EXERCISE AIM: What you produce should match the records below precisely, except that images are removed.

====== EXCERPTED RECORDS

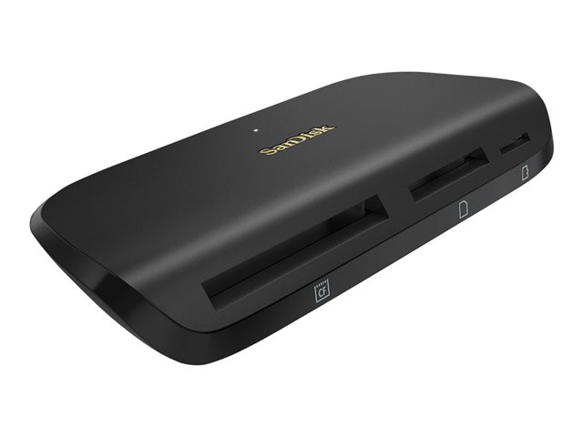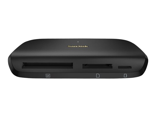 Le lecteur/graveur multi-cartes SanDisk ImageMate PRO fonctionne avec les cartes SD et microSD, ainsi que les cartes CompactFlash. Il offre des vitesses de transfert s'élevant jusqu'à 312 Mo/s pour les cartes SD et microSD, et jusqu'à 160 Mo/s pour les cartes CompactFlash, et dispose d'une interface USB 3.0 pouvant déplacer du contenu jusqu'à 10x plus rapidement qu'une interface USB 2.0.
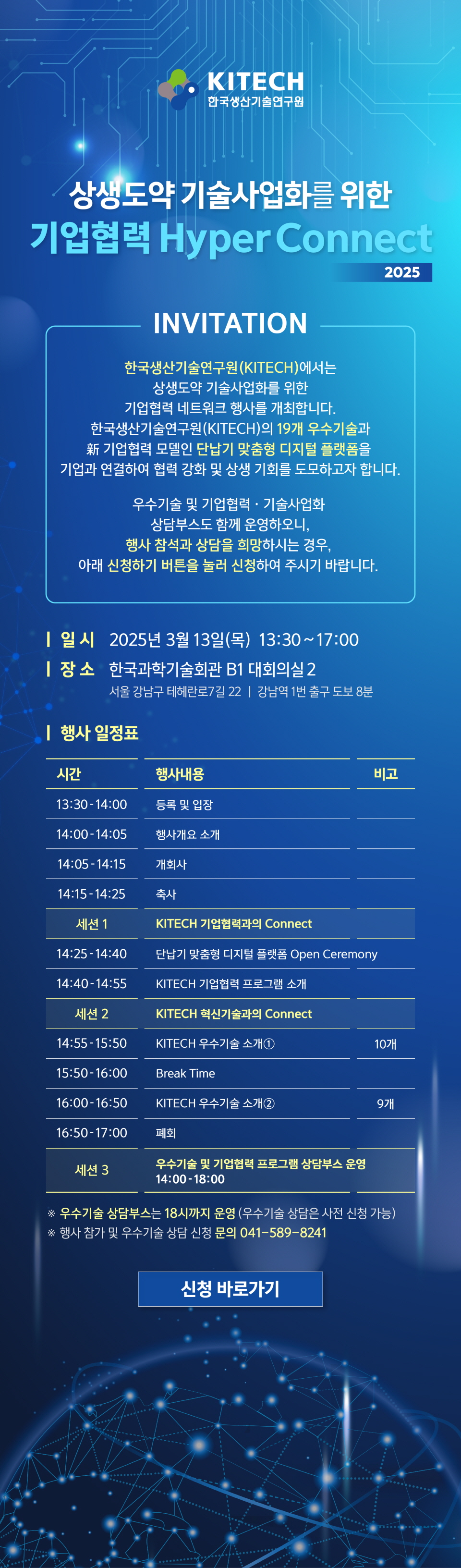 상생도약 기술사업화를 위한 기업협력 Hyper Connect 2025 개최안내(3/13(목) 13:30, 한국과학기술회관)
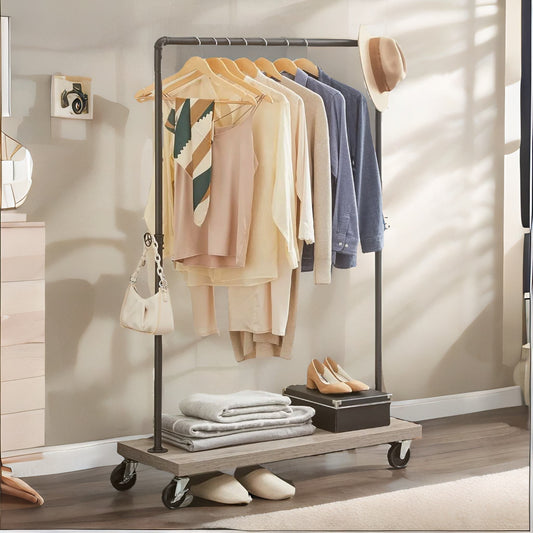 Industrial Clothes Rack With Wheels Open Wardrobe Light Brown
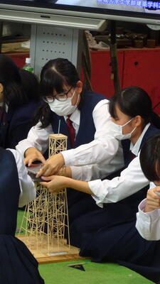 第10回つまようじタワー耐震コンテスト高校生大会カテゴリーⅡは、34組が出場し、本校からは4組が参加しました。成績は、1~3位を独占するという最高の結果で終えることができました(4組とも決勝進出)。最後の3組は、主催者側が予想していたよりも大きな重量(16kg)に耐え、周波数も規定以外のもの(1.5HZ等)で揺らされましたが、3基とも耐え凌ぐことができました。製作した生徒にとっては大きな自信になったようです。主催者側は、何とかタワーを破壊しようと挑んできましたが、これ以上は難しいということで、競技規則によりタワーの重量が一番軽いものを優勝、次を準優勝、3位ということで順位が決まりました。
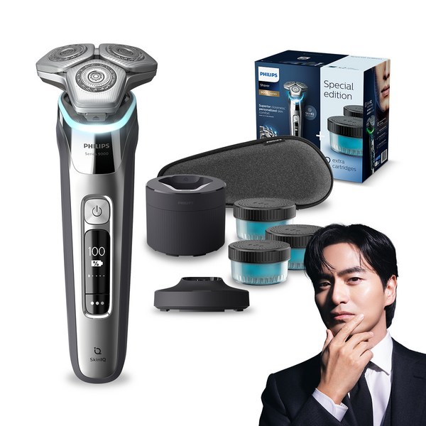 27번: LifeSync 전기면도기 남성용 수염 100 분 연속 가동 회전식 27 매 칼날 360회전 헤드 건습 겸용 USB 충전 IPX7 방수 물 세척 가능 잠금 기능 LCD 잔량 표시, 블루
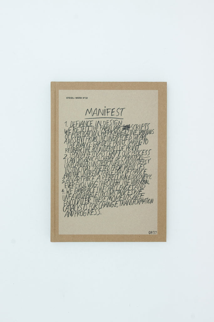 Founded by Theseus Chan in the year 2000, WERK magazine burst forth as a radical vision in the world of publication design. Each issue is a completely different object to the last, and together they form an artistic insurrection against the conventional fabric of printed matter. Each issue is also collaborative, and since STEIDL-WERK No.23: MASAHO ANOTANI “DEFORMED” of 2016, five of those collaborations have been with Steidl, including the latest: STEIDL–WERK No.32: MANIFEST. Featuring new drawings and texts by Chan interpreting and recasting the sights and sounds of Steidl at Düstere Strasse 4 in Göttingen, MANIFEST embraces spontaneity, imperfection, humor, play and the unpredictable. “This is our creed,” declares Chan, “STEIDL-WERK is a manifesto rendered in ink and paper, a continuous revolution that reimagines what a magazine can be—an art piece, a rebellion, a discovery in every edition. We are the art of print, ever evolving, perpetually redefining the essence of how stories are told.”

============

RESPONSE AREA:
 Le lecteur/graveur multi-cartes SanDisk ImageMate PRO fonctionne avec les cartes SD et microSD, ainsi que les cartes CompactFlash. Il offre des vitesses de transfert s'élevant jusqu'à 312 Mo/s pour les cartes SD et microSD, et jusqu'à 160 Mo/s pour les cartes CompactFlash, et dispose d'une interface USB 3.0 pouvant déplacer du contenu jusqu'à 10x plus rapidement qu'une interface USB 2.0.
 상생도약 기술사업화를 위한 기업협력 Hyper Connect 2025 개최안내(3/13(목) 13:30, 한국과학기술회관)
 Industrial Clothes Rack With Wheels Open Wardrobe Light Brown
 第10回つまようじタワー耐震コンテスト高校生大会カテゴリーⅡは、34組が出場し、本校からは4組が参加しました。成績は、1~3位を独占するという最高の結果で終えることができました(4組とも決勝進出)。最後の3組は、主催者側が予想していたよりも大きな重量(16kg)に耐え、周波数も規定以外のもの(1.5HZ等)で揺らされましたが、3基とも耐え凌ぐことができました。製作した生徒にとっては大きな自信になったようです。主催者側は、何とかタワーを破壊しようと挑んできましたが、これ以上は難しいということで、競技規則によりタワーの重量が一番軽いものを優勝、次を準優勝、3位ということで順位が決まりました。
 27번: LifeSync 전기면도기 남성용 수염 100 분 연속 가동 회전식 27 매 칼날 360회전 헤드 건습 겸용 USB 충전 IPX7 방수 물 세척 가능 잠금 기능 LCD 잔량 표시, 블루
 Founded by Theseus Chan in the year 2000, WERK magazine burst forth as a radical vision in the world of publication design. Each issue is a completely different object to the last, and together they form an artistic insurrection against the conventional fabric of printed matter. Each issue is also collaborative, and since STEIDL-WERK No.23: MASAHO ANOTANI “DEFORMED” of 2016, five of those collaborations have been with Steidl, including the latest: STEIDL–WERK No.32: MANIFEST. Featuring new drawings and texts by Chan interpreting and recasting the sights and sounds of Steidl at Düstere Strasse 4 in Göttingen, MANIFEST embraces spontaneity, imperfection, humor, play and the unpredictable. “This is our creed,” declares Chan, “STEIDL-WERK is a manifesto rendered in ink and paper, a continuous revolution that reimagines what a magazine can be—an art piece, a rebellion, a discovery in every edition. We are the art of print, ever evolving, perpetually redefining the essence of how stories are told.”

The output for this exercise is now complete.